A study of a knock-out mutant for the CCD8 gene, established that SLs regulate P. patens protonema (caulonema and chloronema) branching, and control plant size as quorum-sensing like molecules very likely by controlling caulonema radial extension [6]. However, a better understanding of how SLs inhibit protonema extension in moss is needed, and the cellular effects of SLs have yet to be described, particularly whether SLs inhibit cell division and/or cell elongation. The feedback control on SL synthesis genes, previously characterized in vascular plants [28], has also been highlighted in moss because PpCCD7 transcripts are upregulated in the SL-deficient Ppccd8 mutant and SL application decreased PpCCD7 transcript levels [6].

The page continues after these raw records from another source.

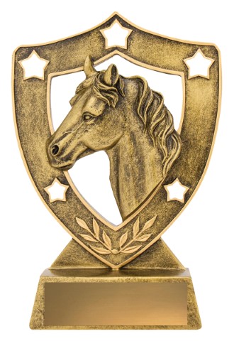 Classic wreath and shield inspired design, the Horse Trophy Gold Shield is an affordable and popular award choice. A versatile generic theme award that is available in 3 convenient sizes.
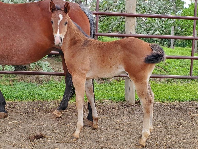 Flashy bay grandson of Paddys Irish Whiskey.Born 5-2-22. “Barnacle” is a bay/bay roan stallion with a left hind pastern that is higher in the back, right hind white ankle, left front coronet higher in back and an irregular stripe on his face. This year our names are ocean plants and animals themed. We suspect that this foal is indeed a roan as he has the white hairs next to his upper tail and that has been trademark on Smarty’s other roan foals.
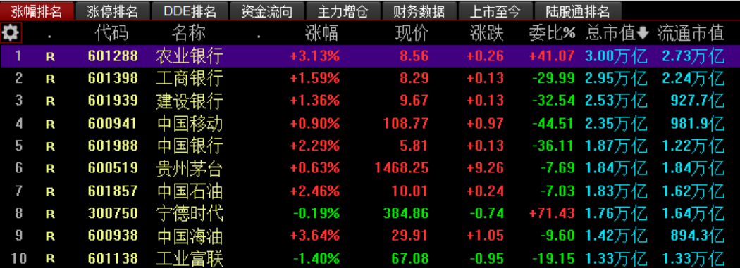 保險、銀行等大金融板塊逆勢走強。農(nóng)業(yè)銀行開盤后持續(xù)拉升,以超過3%的漲幅領(lǐng)漲銀行股,盤中股價再創(chuàng)歷史新高,截至午間收盤,報8.56元/股,總市值達到3萬億元,年內(nèi)累計漲幅超過67%。中國銀行、渝農(nóng)商行、工商銀行等跟漲,漲幅分別為2.29%、1.86%、1.59%。
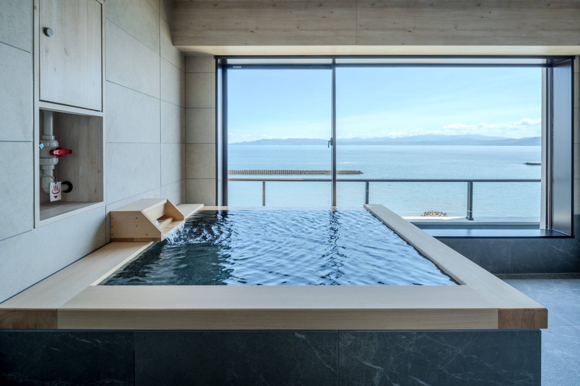 室内からは海を間近に感じられる。 ※露天風呂無し
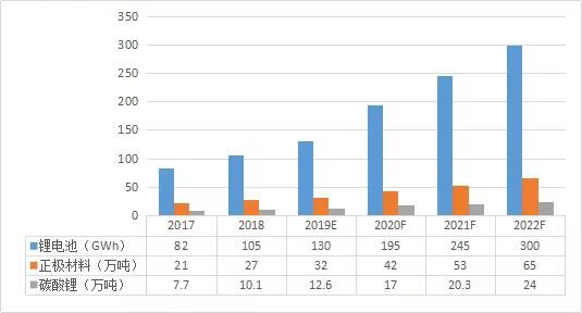 其消耗碳酸鋰量為10.1萬噸(一噸不同類型的正極材料需消耗碳酸鋰量為0.3~0.42噸),同比增長32%。預(yù)計到2022年中國鋰電池產(chǎn)量將達300GWh,消耗碳酸鋰量將達到24萬噸,年復(fù)合增長率超過24%。
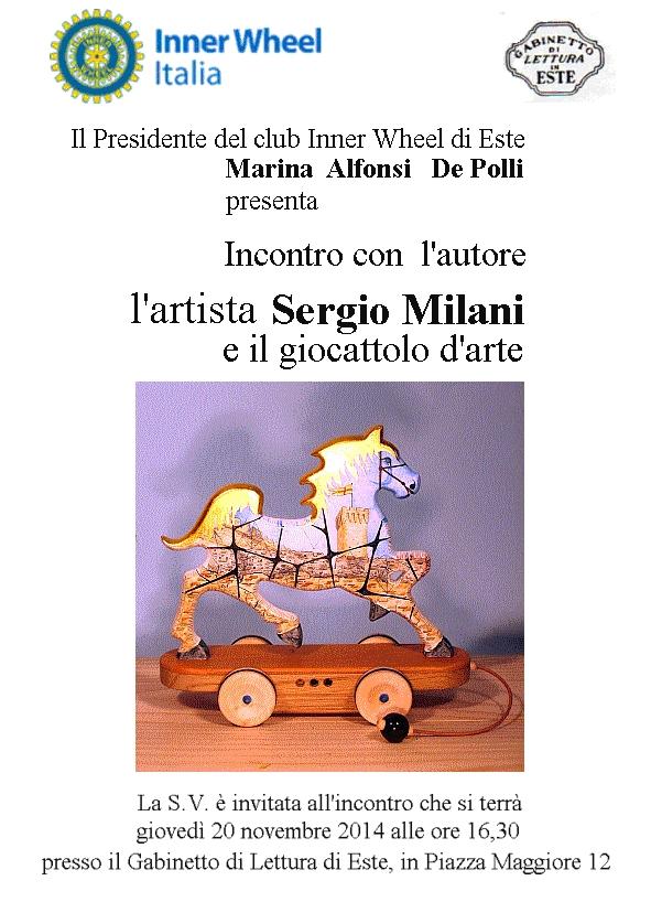 Giovedì 20 novembre 2014 alle ore 16,30 il Presidente del club Inner Wheel di Este, Marina Alfonsi De Polli presenta l'artista Sergio Milani e il giocattolo d'arte.
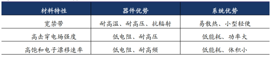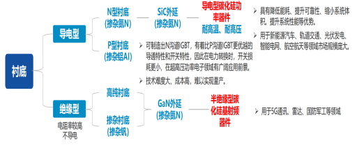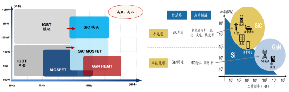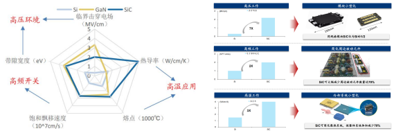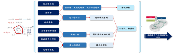 SiC碳化硅器件是指以碳化硅为原材料制成的器件,按照电阻性能的不同分为导电型碳化硅功率器件和半绝缘型碳化硅基射频器件。功率器件又被称为电力电子器件,是构成电力电子变换装置的核心器件。电力电子器件是对电能进行变换和控制,所变换的“电力”功率可大到数百MW甚至GW,也可以小到数W甚至1W以下。电力电子装置正是实现电能高质量高效转换、多能源协调优化、弱电与强电之间控制运行、交流与直流之间能量互换、自动化高效控制等的重要手段。与硅基器件类似,当前碳化硅材料功率器件主要分为二极管、晶体管和功率模块,其中,二极管主要包括肖特基二极管(SBD)、结势垒肖特基二极管(JBS)、PiN功率二极管(PiN);晶体管主要包括金属氧化物半导体场效应晶体管(MOSFET)、绝缘栅双极晶体管(IGBT)、结型场效应晶体管(JFET)、双极型晶体管(BJT)、晶闸管。其中二极管及晶体管类的MOSFET器件应用较为广泛。资料来源:亿渡数据《2022年中国SiC碳化硅器件行业深度研究报告》;陈尧《国内外碳化硅功率器件发展综述》,蔡蔚《第三代宽禁带功率半导体及应用发展现状》,财通证券导电型碳化硅功率器件主要是通过在导电型衬底上生长碳化硅外延层,得到碳化硅外延片后进一步加工制成,品种包括造肖特基二极管、MOSFET、IGBT等,主要用于电动汽车、光伏发电、轨道交通、数据中心、充电等基础建设。半绝缘型碳化硅基射频器件是通过在半绝缘型碳化硅衬底上生长氮化镓外延层,制得碳化硅基氮化镓外延片后进一步制成,包括HEMT等氮化镓射频器件,主要用于5G通信、车载通信、国防应用、数据传输、航空航天。碳化硅、氮化镓材料的饱和电子漂移速率分别是硅的2.0、2.5倍,因此碳化硅、氮化镓器件的工作频率大于传统的硅器件。然而,氮化镓材料存在耐热性能较差的缺点,而碳化硅的耐热性和导热性都较好,可以弥补氮化镓器件耐热性较差的缺点,因此业界采取半绝缘型碳化硅做衬底,在衬底上生长氮化镓外延层后制造射频器件。图2.主要功率分立器件所处的功率、频率区间及应用领域资料来源:Rohm;华泰证券;天科合达招股书;广发证券碳化硅功率器件性能优势如下:1)更强的高压特性。碳化硅的击穿电场强度是硅的10余倍,使得碳化硅器件耐高压特性显著高于同等硅器件。2)更好的高温特性。碳化硅相较硅拥有更高的热导率,使得器件散热更容易,极限工作温度更高。耐高温特性可以带来功率密度的显著提升,同时降低对散热系统的要求,使终端可以更加轻量和小型化。3)更低的能量损耗。碳化硅具有2倍于硅的饱和电子漂移速率,使得碳化硅器件具有极低的导通电阻,导通损耗低;碳化硅具有3倍于硅的禁带宽度,使得碳化硅器件泄漏电流比硅器件大幅减少,从而降低功率损耗;碳化硅器件在关断过程中不存在电流拖尾现象,开关损耗低,大幅提高实际应用的开关频率。资料来源:Researchgate;Wolfspeed;Rohm;英飞凌;广发证券;华泰证券碳化硅较硅拥有更高热导率,散热容易且极限工作温度更高,可有效降低汽车系统中散热器的体积和成本。同时,SiC 材料较高的载流子迁移率使其能够提供更高电流密度,在相同功率等级中,碳化硅功率模块的体积显著小于硅基模块,进一步助力新能源汽车实现轻量化。SiC MOSFET 器件较硅基IGBT在开关损耗、导电损耗等方面具备显著优势,其在新能源汽车的应用可有效降低损耗。根据丰田官网,丰田预测 SiC MOSFET 的应用有助于提升电动车的续航里程约5%-10%。由于SiC材料具备更高的功率密度,所以同等功率下,SiC 器件的体积可以缩小至1/2甚至更低。由于SiC MOSFET的高频特性,SiC的应用能够显著减少电容、电感等被动元件的应用,简化周边电路设计。资料来源:Rohm,英飞凌,Wolfspeed,丰田,华泰证券

Exploring the links between the chemical structure of SL molecules and their activity on moss filament cells is useful for determining structural requirements for bioactivity. Comparison of those requirements with regard to hormonal bioactivity in vascular plants and non-vascular plants and with regard to other functions of SL in the rhizosphere may give indications on SL reception in the different systems. To date the SL-receptor has been identified only for the hormonal function in vascular plants [21], [23]. Structure-activity relationship (SAR) studies have already been performed for the main known functions of SLs in vascular plants. Various natural SLs or synthetic analogs have been tested for their activity as a plant hormone (e.g. on pea buds or Arabidopsis root hairs) or as a stimulant of parasitic plant seed germination or AM hyphal branching [29], [30], [31], [32], [33]. For all SL functions, the D ring is essential for bioactivity. Although modifications of the tricyclic lactone (ABC ring) have no major effect on pea branching, the ABC ring is essential for AM hyphal branching [31]. The CD part of the molecule is sufficient for activating the SL germination effect on parasitic weeds [30],[34]. In pea, some analogs (e.g. analog 23, 3′-methyl-GR24) are very active on pea buds but are poorly recognized by parasitic plant seeds, opening the possibility for the use of SLs in agronomy [22], [32], [33]. Natural SLs found in moss and SL analogs with modified ABC rings or D ring with strong bioactivity for the control of shoot branching but not for AM hyphal branching have been tested on moss.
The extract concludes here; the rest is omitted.